AC - Both literally and figuratively, he’s putting a puzzle back together and that puzzle is a puzzle of himself. 


EM - I think we have time for one more question. I just wanted to ask you about the visual language of the film. The flashbacks have deep color saturation whereas the present is more muted. Was that a conscious decision and what were you trying to say with that?

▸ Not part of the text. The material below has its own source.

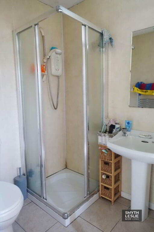 White suite, step in shower cubicle with electric shower, tiled floor, PVC wall cladding

AC - Yeah, I wanted the present tense experience for the viewer to be as gritty and authentic as the character’s experience, because he’s bereft of memory and struggling as he is, I wanted the visual palette to mirror his colorless world. The color is desaturated. All the present tense stuff is shot with these vintage Kowa anamorphic lenses, so everything is sort of bended, his reality is just a little bit misshapened. So the palette is much cooler, it’s blue and gray and silver, there’s a more shallow depth of field, we’re using longer lenses a lot. Then all of the stuff in the past, all of the memory stuff, is much warmer. We shot all of the memories with spherical lenses, these Minoltas that were refurbished from the ‘70s, and so everything is much warmer, because much of the narrative is set in this wood-paneled intellectual world. I wanted to distinguish past and present in that way, and before we shot we put every single scene, my Director of Photography (Ben Nott) and I, and we put an “A” or an “S” on each one, for anamorphic or spherical, and that was how we built the visual language. There’s a good amount of lens flare, also, in the movie, and that was all my DP’s doing but I love it. It’s kind of fun. 


EM - Best of luck with the film and I really enjoyed it, and I hope it resonates with others, as well.


AC - Thank you, man. 


SLEEPING DOGS is out in theaters today, and though I’m not really a ratings guy, I’ve got two thumbs and I’d point them both up if someone asked me if they should check this flick out. I hope you agree.